Summary: Nearly two-thirds of people with Alzheimer’s disease are women, and new research points to a major reason why. A Mayo Clinic study published in JAMA Network Open found that when the Parkinson’s-related protein alpha-synuclein accumulates alongside Alzheimer’s pathology, tau-related brain changes in women progressed up to 20 times faster. This accelerating interaction was not observed in men, suggesting a sex-specific vulnerability that could change how we screen for and treat Alzheimer’s in women.
The discovery highlights a previously underappreciated interaction between two misfolded proteins — tau and alpha-synuclein — and suggests that coexisting proteinopathies can dramatically alter the course of neurodegeneration in a sex-dependent way. These findings emphasize the need for more precise, sex-aware approaches to diagnosis, monitoring, and clinical trial design for Alzheimer’s disease.
Key Facts
- The 20X Effect: Women with both abnormal tau (Alzheimer’s) and abnormal alpha-synuclein showed up to a 20-fold faster progression of tau accumulation compared with women without alpha-synuclein copathology.

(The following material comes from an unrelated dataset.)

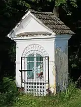 In addition to Saint Nicholas' Church and other cultural heritage sites in Sveti Miklavž and Grmače, Katarija has a chapel-shrine dedicated to Our Lady of Sorrows on the edge of the woods along the former route to Saint Nicholas' Church. It is a closed masonry shrine with a gabled roof covered with concrete tiles and dates from the second half of the 19th century. It formerly contained a wooden folk statue of Our Lady of Sorrows; today it contains a painting of the Pietà.[5]

- Sex-Specific Vulnerability: Men with the same combination of protein changes did not show the same rapid acceleration, indicating important biological differences in how male and female brains respond to misfolded proteins.
- Alpha-Synuclein’s Role: Although alpha-synuclein is central to Parkinson’s disease and Lewy body dementia, it often appears as a copathology in Alzheimer’s and can substantially worsen outcomes for women.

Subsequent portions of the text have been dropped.